## EXTRACTED RECORDS
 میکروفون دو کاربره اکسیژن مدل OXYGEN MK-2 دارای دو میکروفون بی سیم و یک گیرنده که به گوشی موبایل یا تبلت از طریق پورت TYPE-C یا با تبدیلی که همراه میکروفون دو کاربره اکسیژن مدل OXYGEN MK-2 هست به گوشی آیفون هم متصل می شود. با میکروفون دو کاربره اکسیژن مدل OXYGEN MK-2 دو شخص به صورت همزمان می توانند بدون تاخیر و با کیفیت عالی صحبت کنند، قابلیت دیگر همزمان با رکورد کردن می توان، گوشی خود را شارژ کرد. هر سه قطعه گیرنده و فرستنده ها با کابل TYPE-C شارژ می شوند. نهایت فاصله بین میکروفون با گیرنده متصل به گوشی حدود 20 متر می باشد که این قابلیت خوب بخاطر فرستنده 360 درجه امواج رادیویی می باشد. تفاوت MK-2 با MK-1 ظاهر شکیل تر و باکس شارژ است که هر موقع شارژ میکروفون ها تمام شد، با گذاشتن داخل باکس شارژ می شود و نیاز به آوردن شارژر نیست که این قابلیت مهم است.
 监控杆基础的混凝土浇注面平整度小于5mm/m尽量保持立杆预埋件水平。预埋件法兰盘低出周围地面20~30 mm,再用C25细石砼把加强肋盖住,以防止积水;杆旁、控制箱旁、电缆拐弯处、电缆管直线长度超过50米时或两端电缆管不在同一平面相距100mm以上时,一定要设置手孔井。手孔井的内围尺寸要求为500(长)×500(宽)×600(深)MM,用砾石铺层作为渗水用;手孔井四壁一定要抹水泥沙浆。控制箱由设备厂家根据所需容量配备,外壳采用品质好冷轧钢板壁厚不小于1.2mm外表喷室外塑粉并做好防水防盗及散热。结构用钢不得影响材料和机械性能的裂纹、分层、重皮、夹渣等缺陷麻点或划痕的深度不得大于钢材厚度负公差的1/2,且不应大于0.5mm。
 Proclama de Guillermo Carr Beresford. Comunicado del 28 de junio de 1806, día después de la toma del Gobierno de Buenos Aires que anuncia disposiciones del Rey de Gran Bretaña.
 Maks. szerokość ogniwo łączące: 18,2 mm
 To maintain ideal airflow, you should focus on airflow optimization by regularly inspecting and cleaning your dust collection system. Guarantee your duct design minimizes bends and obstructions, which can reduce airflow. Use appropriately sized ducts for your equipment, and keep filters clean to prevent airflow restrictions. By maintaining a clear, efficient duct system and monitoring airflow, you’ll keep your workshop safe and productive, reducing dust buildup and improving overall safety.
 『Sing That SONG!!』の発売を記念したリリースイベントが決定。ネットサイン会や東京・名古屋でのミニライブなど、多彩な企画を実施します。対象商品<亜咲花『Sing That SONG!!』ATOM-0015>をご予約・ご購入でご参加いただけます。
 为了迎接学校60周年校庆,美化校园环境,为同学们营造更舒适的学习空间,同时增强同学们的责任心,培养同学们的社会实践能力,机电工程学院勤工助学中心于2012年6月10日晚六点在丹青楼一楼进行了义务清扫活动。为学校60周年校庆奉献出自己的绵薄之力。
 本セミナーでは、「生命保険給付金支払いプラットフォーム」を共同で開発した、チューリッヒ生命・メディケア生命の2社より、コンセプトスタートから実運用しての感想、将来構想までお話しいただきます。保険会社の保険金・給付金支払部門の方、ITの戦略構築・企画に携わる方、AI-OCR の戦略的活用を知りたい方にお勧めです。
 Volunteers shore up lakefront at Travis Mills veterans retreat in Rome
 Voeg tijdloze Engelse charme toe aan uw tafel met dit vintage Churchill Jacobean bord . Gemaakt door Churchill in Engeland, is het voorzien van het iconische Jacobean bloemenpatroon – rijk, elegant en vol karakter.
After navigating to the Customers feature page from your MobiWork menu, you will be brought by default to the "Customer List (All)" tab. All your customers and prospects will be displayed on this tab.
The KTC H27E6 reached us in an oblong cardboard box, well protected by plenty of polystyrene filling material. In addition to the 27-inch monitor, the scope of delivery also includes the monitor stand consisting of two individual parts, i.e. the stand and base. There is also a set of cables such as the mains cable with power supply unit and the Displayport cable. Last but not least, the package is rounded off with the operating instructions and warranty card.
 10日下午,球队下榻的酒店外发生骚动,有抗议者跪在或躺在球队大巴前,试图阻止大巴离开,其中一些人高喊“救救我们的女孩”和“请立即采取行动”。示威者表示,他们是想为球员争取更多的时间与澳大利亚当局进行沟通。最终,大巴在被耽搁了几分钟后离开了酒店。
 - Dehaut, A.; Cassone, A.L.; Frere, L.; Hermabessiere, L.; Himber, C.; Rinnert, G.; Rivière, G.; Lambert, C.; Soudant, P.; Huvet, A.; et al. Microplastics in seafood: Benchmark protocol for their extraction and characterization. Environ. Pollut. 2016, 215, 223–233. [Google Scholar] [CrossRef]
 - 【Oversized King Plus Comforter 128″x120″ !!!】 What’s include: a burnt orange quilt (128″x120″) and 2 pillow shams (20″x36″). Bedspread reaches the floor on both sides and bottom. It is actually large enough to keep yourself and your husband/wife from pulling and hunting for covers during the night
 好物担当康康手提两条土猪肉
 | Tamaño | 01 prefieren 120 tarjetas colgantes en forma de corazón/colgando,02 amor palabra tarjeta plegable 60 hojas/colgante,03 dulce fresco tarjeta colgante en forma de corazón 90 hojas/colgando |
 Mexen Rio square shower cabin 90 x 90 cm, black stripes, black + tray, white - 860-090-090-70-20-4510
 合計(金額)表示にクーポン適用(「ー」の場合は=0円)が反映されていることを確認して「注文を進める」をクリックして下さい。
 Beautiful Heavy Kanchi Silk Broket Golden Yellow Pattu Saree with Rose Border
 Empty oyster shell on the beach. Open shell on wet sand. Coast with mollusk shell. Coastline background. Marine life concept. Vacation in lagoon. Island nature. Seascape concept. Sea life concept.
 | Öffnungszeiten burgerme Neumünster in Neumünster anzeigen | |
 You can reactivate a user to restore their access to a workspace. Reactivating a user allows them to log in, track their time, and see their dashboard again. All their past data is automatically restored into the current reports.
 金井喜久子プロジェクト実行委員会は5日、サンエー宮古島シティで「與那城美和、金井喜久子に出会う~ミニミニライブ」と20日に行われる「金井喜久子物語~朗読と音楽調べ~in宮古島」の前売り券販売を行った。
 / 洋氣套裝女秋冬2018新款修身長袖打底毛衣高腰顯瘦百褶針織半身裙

## WHAT TO PRODUCE
Would you reproduce the whole listing above, word for word?

## ANSWER SPACE
 میکروفون دو کاربره اکسیژن مدل OXYGEN MK-2 دارای دو میکروفون بی سیم و یک گیرنده که به گوشی موبایل یا تبلت از طریق پورت TYPE-C یا با تبدیلی که همراه میکروفون دو کاربره اکسیژن مدل OXYGEN MK-2 هست به گوشی آیفون هم متصل می شود. با میکروفون دو کاربره اکسیژن مدل OXYGEN MK-2 دو شخص به صورت همزمان می توانند بدون تاخیر و با کیفیت عالی صحبت کنند، قابلیت دیگر همزمان با رکورد کردن می توان، گوشی خود را شارژ کرد. هر سه قطعه گیرنده و فرستنده ها با کابل TYPE-C شارژ می شوند. نهایت فاصله بین میکروفون با گیرنده متصل به گوشی حدود 20 متر می باشد که این قابلیت خوب بخاطر فرستنده 360 درجه امواج رادیویی می باشد. تفاوت MK-2 با MK-1 ظاهر شکیل تر و باکس شارژ است که هر موقع شارژ میکروفون ها تمام شد، با گذاشتن داخل باکس شارژ می شود و نیاز به آوردن شارژر نیست که این قابلیت مهم است.
 监控杆基础的混凝土浇注面平整度小于5mm/m尽量保持立杆预埋件水平。预埋件法兰盘低出周围地面20~30 mm,再用C25细石砼把加强肋盖住,以防止积水;杆旁、控制箱旁、电缆拐弯处、电缆管直线长度超过50米时或两端电缆管不在同一平面相距100mm以上时,一定要设置手孔井。手孔井的内围尺寸要求为500(长)×500(宽)×600(深)MM,用砾石铺层作为渗水用;手孔井四壁一定要抹水泥沙浆。控制箱由设备厂家根据所需容量配备,外壳采用品质好冷轧钢板壁厚不小于1.2mm外表喷室外塑粉并做好防水防盗及散热。结构用钢不得影响材料和机械性能的裂纹、分层、重皮、夹渣等缺陷麻点或划痕的深度不得大于钢材厚度负公差的1/2,且不应大于0.5mm。
 Proclama de Guillermo Carr Beresford. Comunicado del 28 de junio de 1806, día después de la toma del Gobierno de Buenos Aires que anuncia disposiciones del Rey de Gran Bretaña.
 Maks. szerokość ogniwo łączące: 18,2 mm
 To maintain ideal airflow, you should focus on airflow optimization by regularly inspecting and cleaning your dust collection system. Guarantee your duct design minimizes bends and obstructions, which can reduce airflow. Use appropriately sized ducts for your equipment, and keep filters clean to prevent airflow restrictions. By maintaining a clear, efficient duct system and monitoring airflow, you’ll keep your workshop safe and productive, reducing dust buildup and improving overall safety.
 『Sing That SONG!!』の発売を記念したリリースイベントが決定。ネットサイン会や東京・名古屋でのミニライブなど、多彩な企画を実施します。対象商品<亜咲花『Sing That SONG!!』ATOM-0015>をご予約・ご購入でご参加いただけます。
 为了迎接学校60周年校庆,美化校园环境,为同学们营造更舒适的学习空间,同时增强同学们的责任心,培养同学们的社会实践能力,机电工程学院勤工助学中心于2012年6月10日晚六点在丹青楼一楼进行了义务清扫活动。为学校60周年校庆奉献出自己的绵薄之力。
 本セミナーでは、「生命保険給付金支払いプラットフォーム」を共同で開発した、チューリッヒ生命・メディケア生命の2社より、コンセプトスタートから実運用しての感想、将来構想までお話しいただきます。保険会社の保険金・給付金支払部門の方、ITの戦略構築・企画に携わる方、AI-OCR の戦略的活用を知りたい方にお勧めです。
 Volunteers shore up lakefront at Travis Mills veterans retreat in Rome
 Voeg tijdloze Engelse charme toe aan uw tafel met dit vintage Churchill Jacobean bord . Gemaakt door Churchill in Engeland, is het voorzien van het iconische Jacobean bloemenpatroon – rijk, elegant en vol karakter.
After navigating to the Customers feature page from your MobiWork menu, you will be brought by default to the "Customer List (All)" tab. All your customers and prospects will be displayed on this tab.
The KTC H27E6 reached us in an oblong cardboard box, well protected by plenty of polystyrene filling material. In addition to the 27-inch monitor, the scope of delivery also includes the monitor stand consisting of two individual parts, i.e. the stand and base. There is also a set of cables such as the mains cable with power supply unit and the Displayport cable. Last but not least, the package is rounded off with the operating instructions and warranty card.
 10日下午,球队下榻的酒店外发生骚动,有抗议者跪在或躺在球队大巴前,试图阻止大巴离开,其中一些人高喊“救救我们的女孩”和“请立即采取行动”。示威者表示,他们是想为球员争取更多的时间与澳大利亚当局进行沟通。最终,大巴在被耽搁了几分钟后离开了酒店。
 - Dehaut, A.; Cassone, A.L.; Frere, L.; Hermabessiere, L.; Himber, C.; Rinnert, G.; Rivière, G.; Lambert, C.; Soudant, P.; Huvet, A.; et al. Microplastics in seafood: Benchmark protocol for their extraction and characterization. Environ. Pollut. 2016, 215, 223–233. [Google Scholar] [CrossRef]
 - 【Oversized King Plus Comforter 128″x120″ !!!】 What’s include: a burnt orange quilt (128″x120″) and 2 pillow shams (20″x36″). Bedspread reaches the floor on both sides and bottom. It is actually large enough to keep yourself and your husband/wife from pulling and hunting for covers during the night
 好物担当康康手提两条土猪肉
 | Tamaño | 01 prefieren 120 tarjetas colgantes en forma de corazón/colgando,02 amor palabra tarjeta plegable 60 hojas/colgante,03 dulce fresco tarjeta colgante en forma de corazón 90 hojas/colgando |
 Mexen Rio square shower cabin 90 x 90 cm, black stripes, black + tray, white - 860-090-090-70-20-4510
 合計(金額)表示にクーポン適用(「ー」の場合は=0円)が反映されていることを確認して「注文を進める」をクリックして下さい。
 Beautiful Heavy Kanchi Silk Broket Golden Yellow Pattu Saree with Rose Border
 Empty oyster shell on the beach. Open shell on wet sand. Coast with mollusk shell. Coastline background. Marine life concept. Vacation in lagoon. Island nature. Seascape concept. Sea life concept.
 | Öffnungszeiten burgerme Neumünster in Neumünster anzeigen | |
 You can reactivate a user to restore their access to a workspace. Reactivating a user allows them to log in, track their time, and see their dashboard again. All their past data is automatically restored into the current reports.
 金井喜久子プロジェクト実行委員会は5日、サンエー宮古島シティで「與那城美和、金井喜久子に出会う~ミニミニライブ」と20日に行われる「金井喜久子物語~朗読と音楽調べ~in宮古島」の前売り券販売を行った。
 / 洋氣套裝女秋冬2018新款修身長袖打底毛衣高腰顯瘦百褶針織半身裙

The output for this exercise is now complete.